● **Your instructions**
Write again exactly the lines in the listing below, starting at the line with "プレゼントホテルオリジナルの" and ending at the line with "pe黑色缠绕膜拉伸膜宽50cm工业保鲜膜包装膜托盘打包塑料薄膜批发", both included. Pictures are not copied.

------ Supplied entries

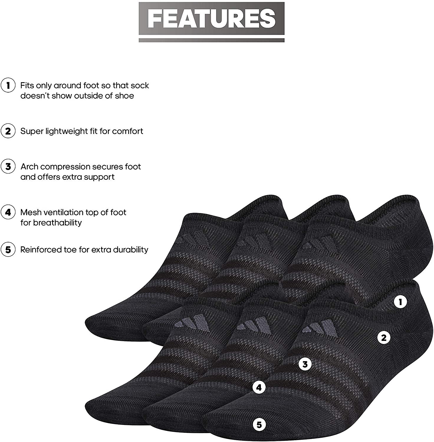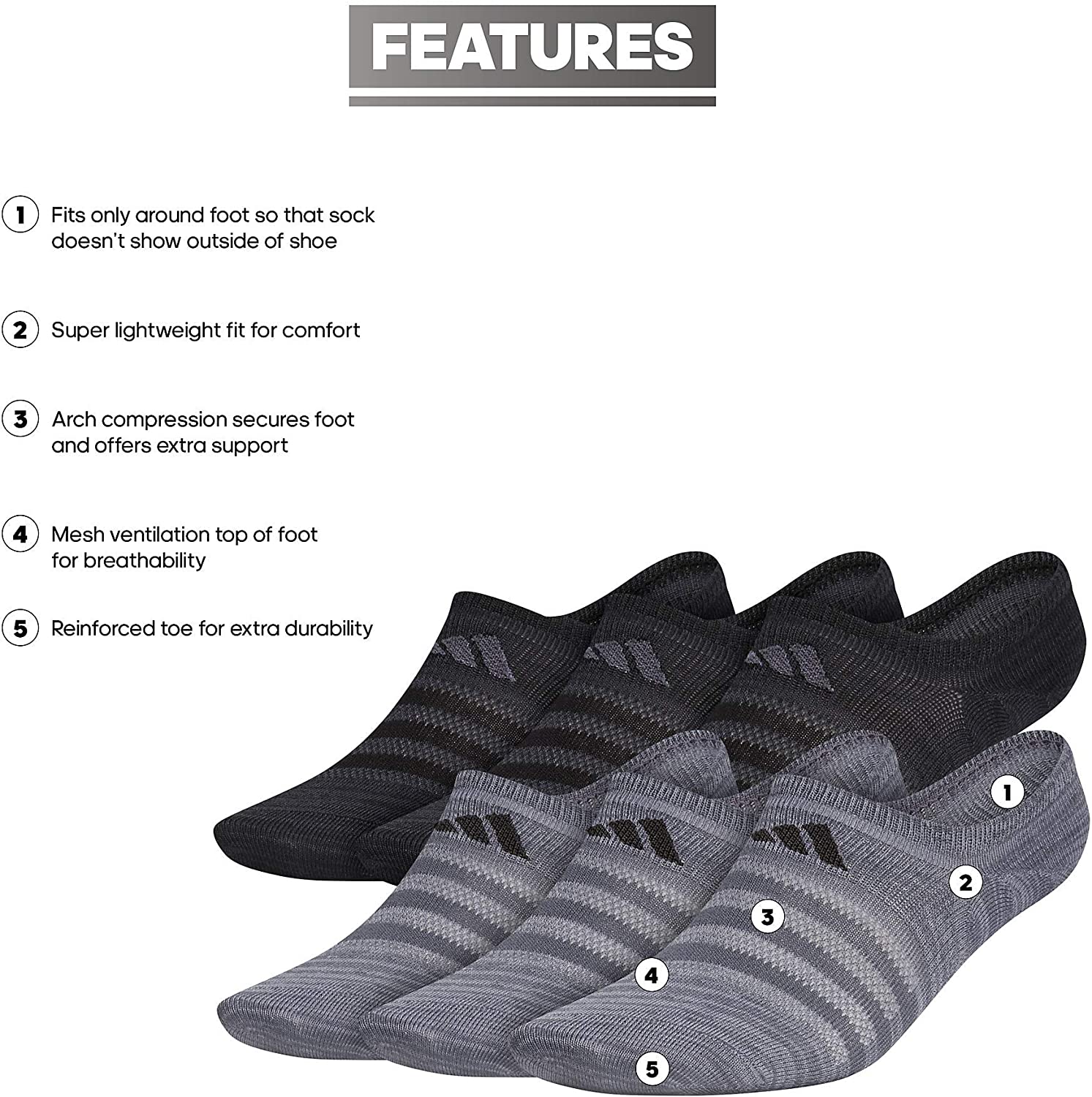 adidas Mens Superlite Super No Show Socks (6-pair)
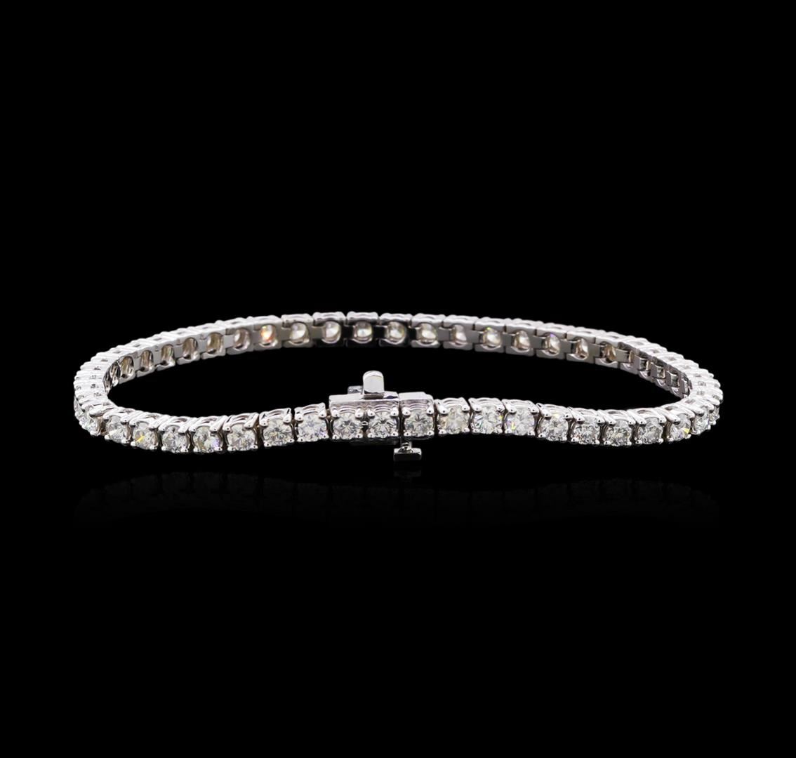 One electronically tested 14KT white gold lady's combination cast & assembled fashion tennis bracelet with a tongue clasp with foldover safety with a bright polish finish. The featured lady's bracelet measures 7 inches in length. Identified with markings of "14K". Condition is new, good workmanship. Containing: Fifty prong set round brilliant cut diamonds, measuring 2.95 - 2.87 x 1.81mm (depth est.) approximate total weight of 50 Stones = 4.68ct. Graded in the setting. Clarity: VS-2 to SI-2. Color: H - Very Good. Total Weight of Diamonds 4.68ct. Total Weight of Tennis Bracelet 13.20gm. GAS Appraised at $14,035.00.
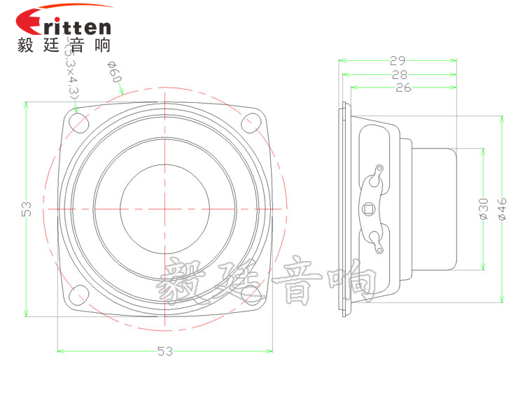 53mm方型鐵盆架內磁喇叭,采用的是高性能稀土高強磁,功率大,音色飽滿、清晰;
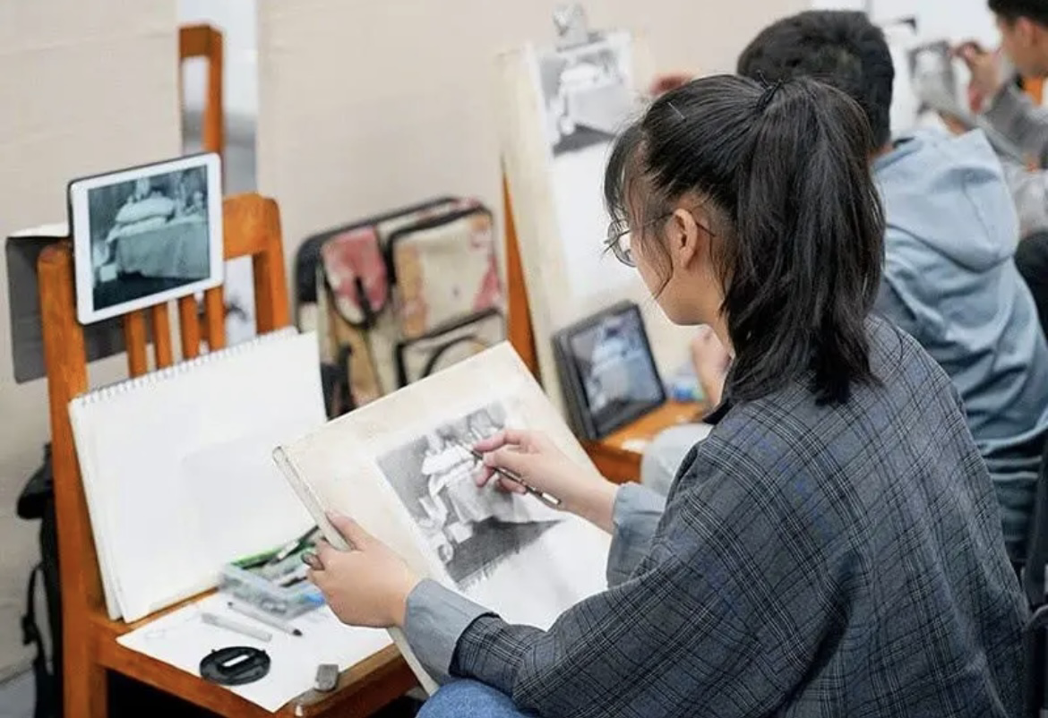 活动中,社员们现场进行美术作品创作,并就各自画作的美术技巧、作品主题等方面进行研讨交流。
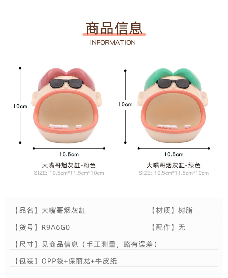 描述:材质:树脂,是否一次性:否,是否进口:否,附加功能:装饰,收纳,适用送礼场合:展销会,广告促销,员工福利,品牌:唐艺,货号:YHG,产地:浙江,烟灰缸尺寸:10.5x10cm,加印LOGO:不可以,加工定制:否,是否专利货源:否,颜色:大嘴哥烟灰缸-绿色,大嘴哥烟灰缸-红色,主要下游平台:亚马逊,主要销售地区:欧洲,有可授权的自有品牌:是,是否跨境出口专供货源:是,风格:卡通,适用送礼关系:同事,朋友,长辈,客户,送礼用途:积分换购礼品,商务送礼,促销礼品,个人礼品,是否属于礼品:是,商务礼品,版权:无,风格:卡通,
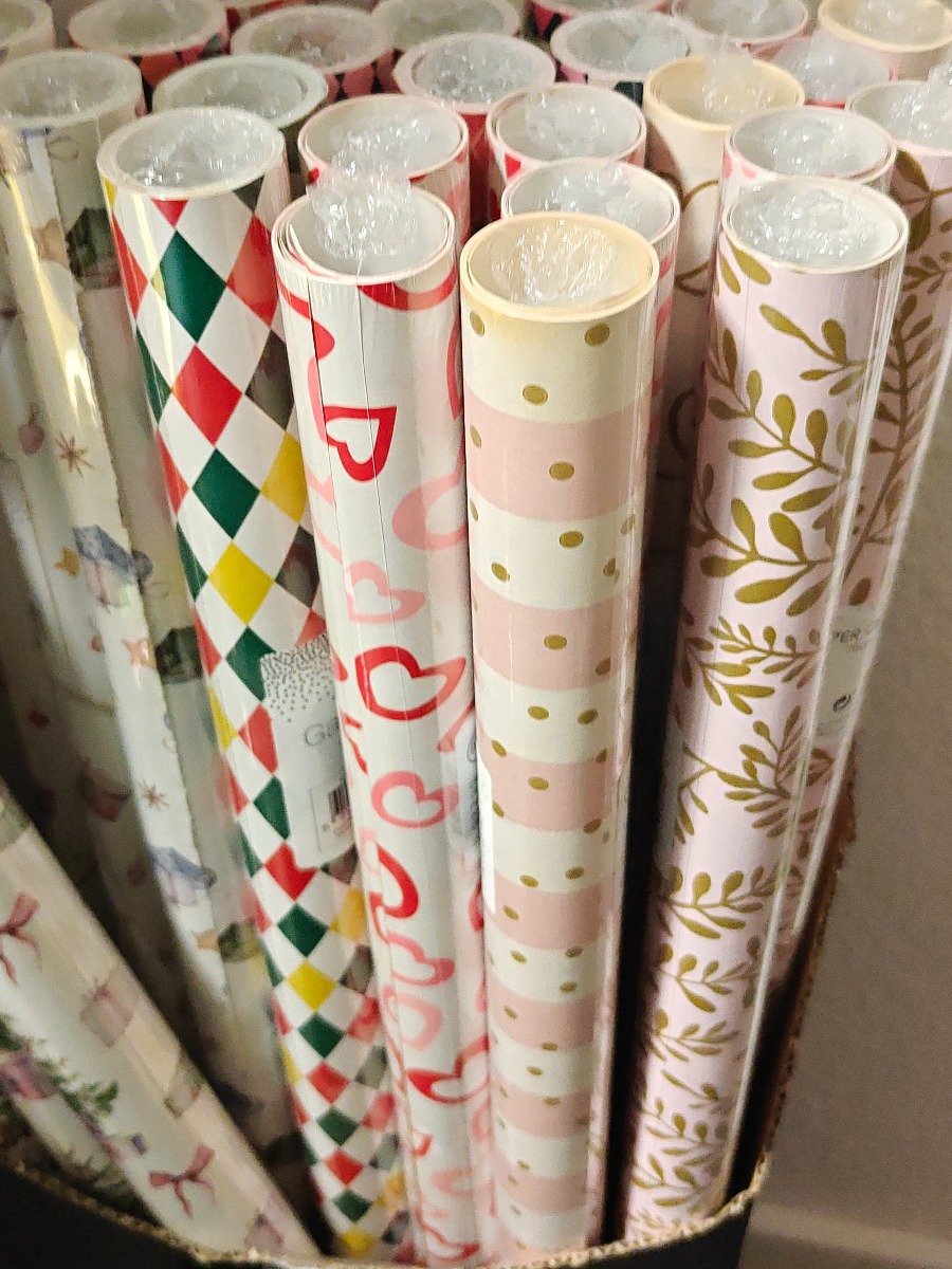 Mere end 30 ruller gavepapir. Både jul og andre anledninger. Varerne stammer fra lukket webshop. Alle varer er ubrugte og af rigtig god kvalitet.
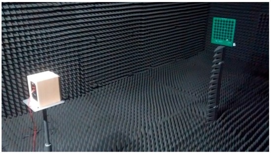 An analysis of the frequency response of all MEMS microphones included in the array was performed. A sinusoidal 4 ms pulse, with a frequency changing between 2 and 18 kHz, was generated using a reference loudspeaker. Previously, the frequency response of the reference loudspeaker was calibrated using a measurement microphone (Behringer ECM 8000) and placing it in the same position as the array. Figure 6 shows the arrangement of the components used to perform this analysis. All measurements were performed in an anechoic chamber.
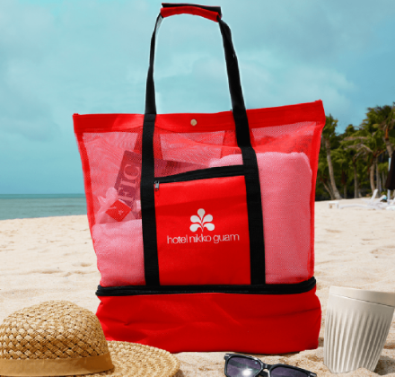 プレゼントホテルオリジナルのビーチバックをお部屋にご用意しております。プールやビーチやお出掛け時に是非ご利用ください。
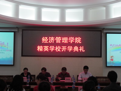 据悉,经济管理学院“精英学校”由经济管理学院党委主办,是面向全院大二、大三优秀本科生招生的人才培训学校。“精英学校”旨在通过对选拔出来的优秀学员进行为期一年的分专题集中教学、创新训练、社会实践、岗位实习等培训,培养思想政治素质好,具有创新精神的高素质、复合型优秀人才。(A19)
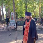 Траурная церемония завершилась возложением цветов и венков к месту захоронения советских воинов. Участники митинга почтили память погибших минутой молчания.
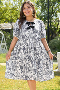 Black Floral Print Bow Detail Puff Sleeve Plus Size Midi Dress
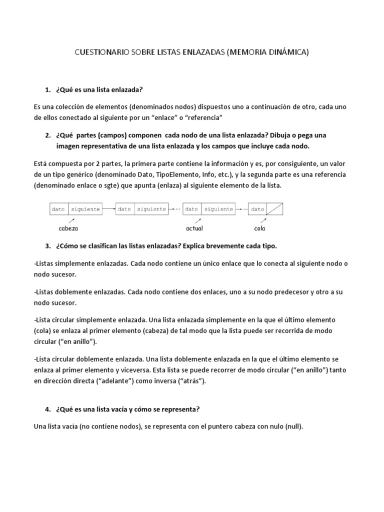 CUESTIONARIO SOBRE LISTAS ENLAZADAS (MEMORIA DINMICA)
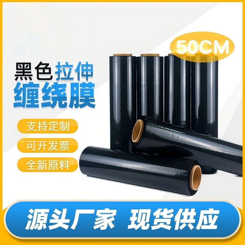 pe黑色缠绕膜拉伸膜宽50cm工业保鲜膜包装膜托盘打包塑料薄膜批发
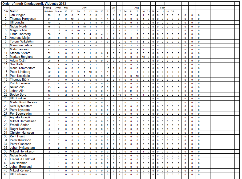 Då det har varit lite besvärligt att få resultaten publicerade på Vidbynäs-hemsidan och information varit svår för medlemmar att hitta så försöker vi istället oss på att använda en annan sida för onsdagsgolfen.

------------

● **Answer for this exercise**
 プレゼントホテルオリジナルのビーチバックをお部屋にご用意しております。プールやビーチやお出掛け時に是非ご利用ください。
 据悉,经济管理学院“精英学校”由经济管理学院党委主办,是面向全院大二、大三优秀本科生招生的人才培训学校。“精英学校”旨在通过对选拔出来的优秀学员进行为期一年的分专题集中教学、创新训练、社会实践、岗位实习等培训,培养思想政治素质好,具有创新精神的高素质、复合型优秀人才。(A19)
 Траурная церемония завершилась возложением цветов и венков к месту захоронения советских воинов. Участники митинга почтили память погибших минутой молчания.
 Black Floral Print Bow Detail Puff Sleeve Plus Size Midi Dress
 CUESTIONARIO SOBRE LISTAS ENLAZADAS (MEMORIA DINMICA)
 pe黑色缠绕膜拉伸膜宽50cm工业保鲜膜包装膜托盘打包塑料薄膜批发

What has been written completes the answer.